• RECORD EXCERPTS:
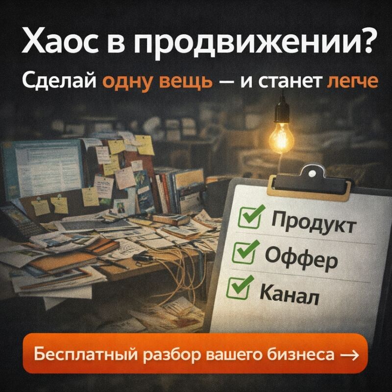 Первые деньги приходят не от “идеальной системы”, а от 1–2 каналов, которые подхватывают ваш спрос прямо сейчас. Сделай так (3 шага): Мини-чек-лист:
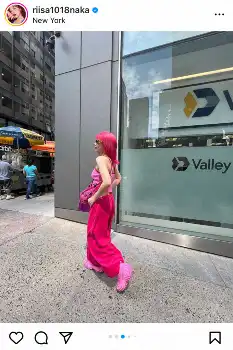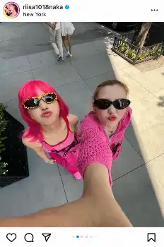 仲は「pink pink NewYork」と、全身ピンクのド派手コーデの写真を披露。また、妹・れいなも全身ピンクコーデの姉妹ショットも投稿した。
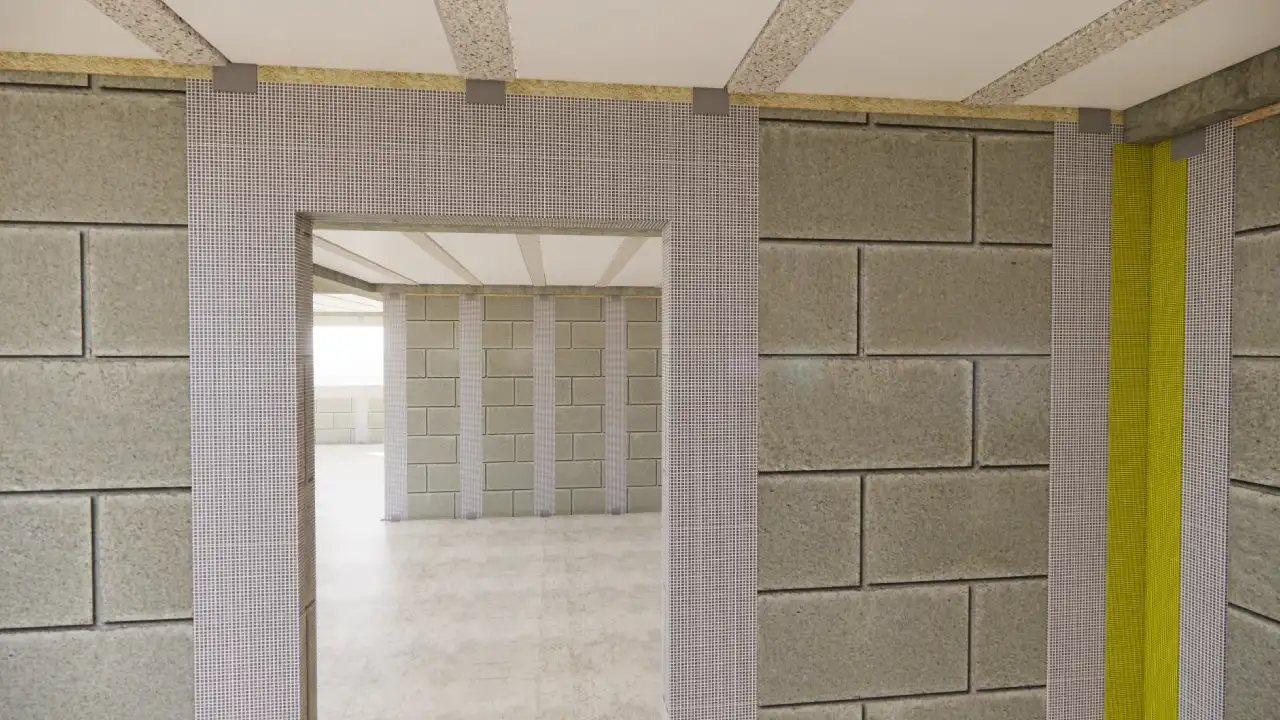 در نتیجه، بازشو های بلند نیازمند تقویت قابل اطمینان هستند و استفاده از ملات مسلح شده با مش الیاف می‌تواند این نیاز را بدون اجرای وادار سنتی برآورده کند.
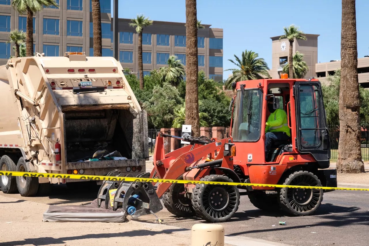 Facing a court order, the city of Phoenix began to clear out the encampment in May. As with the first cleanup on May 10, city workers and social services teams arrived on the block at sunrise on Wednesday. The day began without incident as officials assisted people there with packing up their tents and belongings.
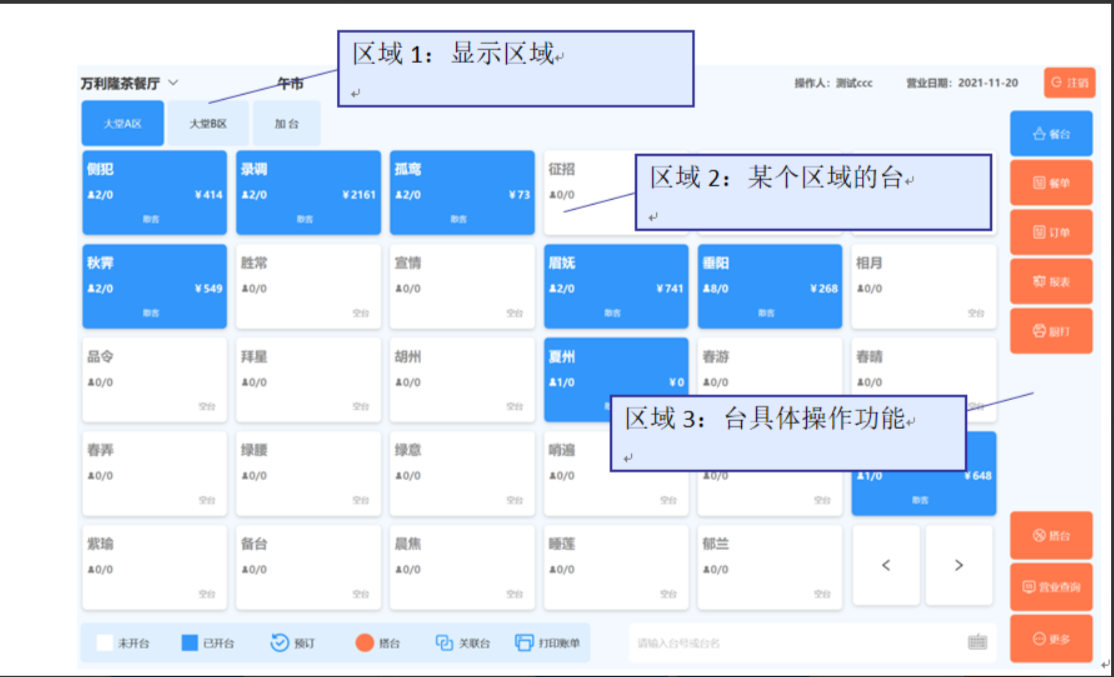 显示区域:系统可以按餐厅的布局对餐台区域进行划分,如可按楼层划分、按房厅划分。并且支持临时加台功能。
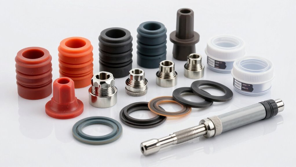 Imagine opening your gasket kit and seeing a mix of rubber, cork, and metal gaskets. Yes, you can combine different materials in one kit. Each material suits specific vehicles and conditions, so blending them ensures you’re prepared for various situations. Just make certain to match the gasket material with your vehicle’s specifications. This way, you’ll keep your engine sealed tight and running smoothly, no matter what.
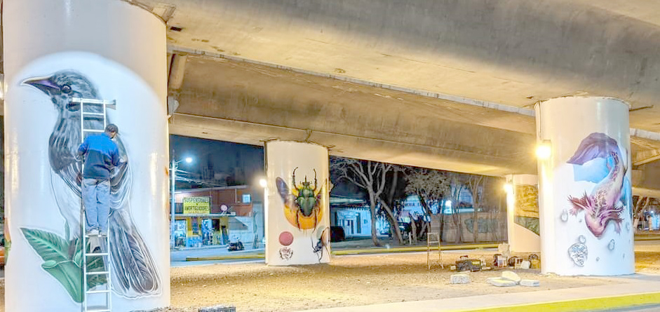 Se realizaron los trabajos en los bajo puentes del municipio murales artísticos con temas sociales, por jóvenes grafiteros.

• TASK REQUIREMENTS:
Output the data above exactly; pictures do not belong in the copy.

• WRITTEN REPLY:
 Первые деньги приходят не от “идеальной системы”, а от 1–2 каналов, которые подхватывают ваш спрос прямо сейчас. Сделай так (3 шага): Мини-чек-лист:
 仲は「pink pink NewYork」と、全身ピンクのド派手コーデの写真を披露。また、妹・れいなも全身ピンクコーデの姉妹ショットも投稿した。
 در نتیجه، بازشو های بلند نیازمند تقویت قابل اطمینان هستند و استفاده از ملات مسلح شده با مش الیاف می‌تواند این نیاز را بدون اجرای وادار سنتی برآورده کند.
 Facing a court order, the city of Phoenix began to clear out the encampment in May. As with the first cleanup on May 10, city workers and social services teams arrived on the block at sunrise on Wednesday. The day began without incident as officials assisted people there with packing up their tents and belongings.
 显示区域:系统可以按餐厅的布局对餐台区域进行划分,如可按楼层划分、按房厅划分。并且支持临时加台功能。
 Imagine opening your gasket kit and seeing a mix of rubber, cork, and metal gaskets. Yes, you can combine different materials in one kit. Each material suits specific vehicles and conditions, so blending them ensures you’re prepared for various situations. Just make certain to match the gasket material with your vehicle’s specifications. This way, you’ll keep your engine sealed tight and running smoothly, no matter what.
 Se realizaron los trabajos en los bajo puentes del municipio murales artísticos con temas sociales, por jóvenes grafiteros.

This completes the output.